> [Records for the task]:
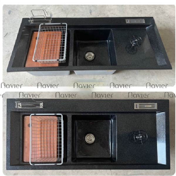 Chậu Rửa Chén 2 Hộc Đá Đen Nhân Tạo Siêu Mịn Navier CRD12052RDL Đặt online giảm 300.000 đ
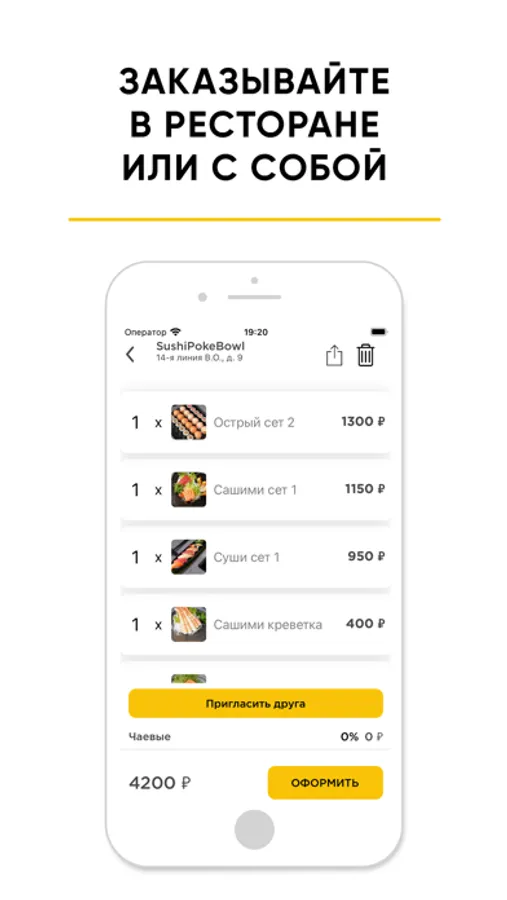 Заказывайте в приложении доставку наших блюд домой, на работу или по особому случаю. А еще, вы можете забрать заказ сами, указав время визита. Мы соберем все «с собой» точно к этому моменту.
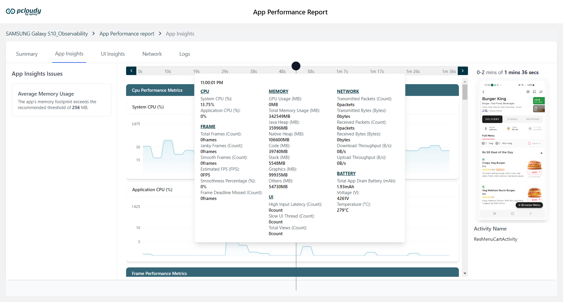 The App Insights section provides a comprehensive performance analysis of an application, offering in-depth visibility into various system metrics that impact its efficiency and user experience. It captures crucial data points related to CPU utilization, memory consumption, network activity, battery usage, and UI responsiveness, helping developers and testers identify potential performance bottlenecks, inefficiencies, or anomalies. By monitoring these metrics, teams can diagnose issues such as excessive resource usage, rendering delays, or network inefficiencies, ultimately improving app stability and optimizing overall performance.
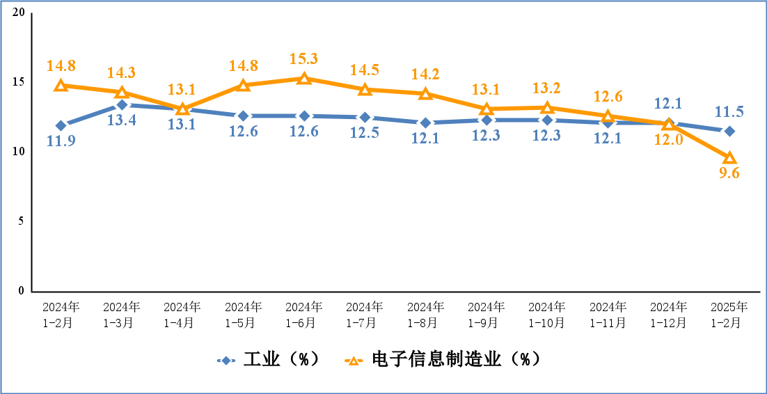 1-2月,電子信息制造業固定資產投資同比增長9.6%,較2024年回落2.4個百分點,比同期工業投資增速低1.9個百分點,比同期高技術制造業投資增速高9.6個百分點。
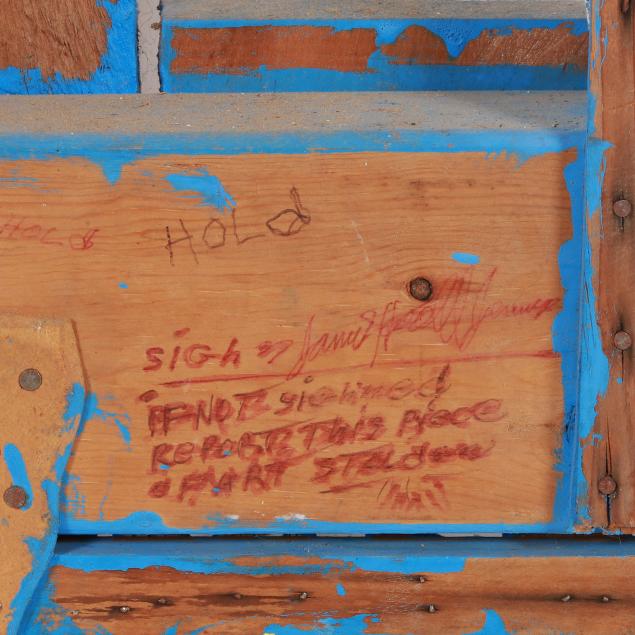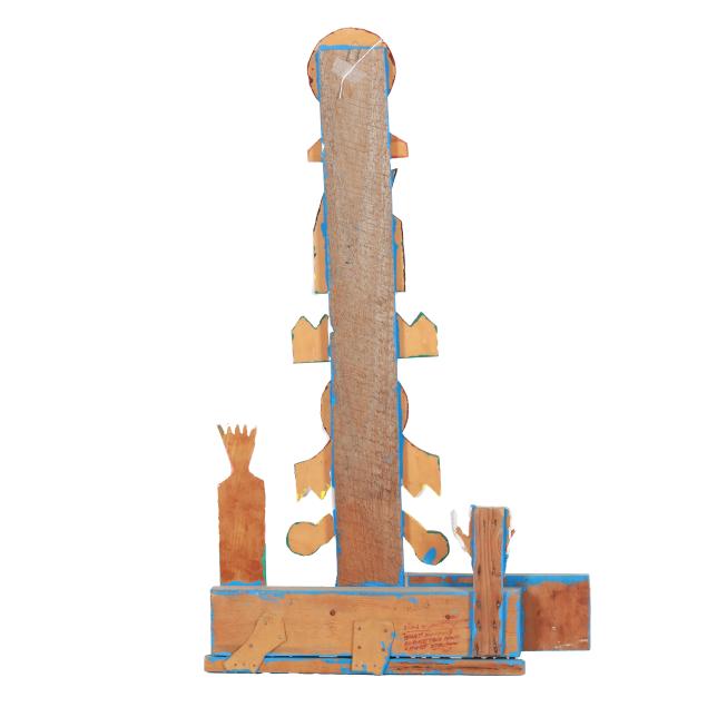 1997, polychrome painted, cut and assembled wood, labeled "James Harold Jennings" to base, signed to verso with date and "if not sighned [sic] report this piece of art stolden [sic]."

> [Task]: Should a record include a picture, omit it from your copy and return the rest unchanged.

> [Your solution]:
 Chậu Rửa Chén 2 Hộc Đá Đen Nhân Tạo Siêu Mịn Navier CRD12052RDL Đặt online giảm 300.000 đ
 Заказывайте в приложении доставку наших блюд домой, на работу или по особому случаю. А еще, вы можете забрать заказ сами, указав время визита. Мы соберем все «с собой» точно к этому моменту.
 The App Insights section provides a comprehensive performance analysis of an application, offering in-depth visibility into various system metrics that impact its efficiency and user experience. It captures crucial data points related to CPU utilization, memory consumption, network activity, battery usage, and UI responsiveness, helping developers and testers identify potential performance bottlenecks, inefficiencies, or anomalies. By monitoring these metrics, teams can diagnose issues such as excessive resource usage, rendering delays, or network inefficiencies, ultimately improving app stability and optimizing overall performance.
 1-2月,電子信息制造業固定資產投資同比增長9.6%,較2024年回落2.4個百分點,比同期工業投資增速低1.9個百分點,比同期高技術制造業投資增速高9.6個百分點。
 1997, polychrome painted, cut and assembled wood, labeled "James Harold Jennings" to base, signed to verso with date and "if not sighned [sic] report this piece of art stolden [sic]."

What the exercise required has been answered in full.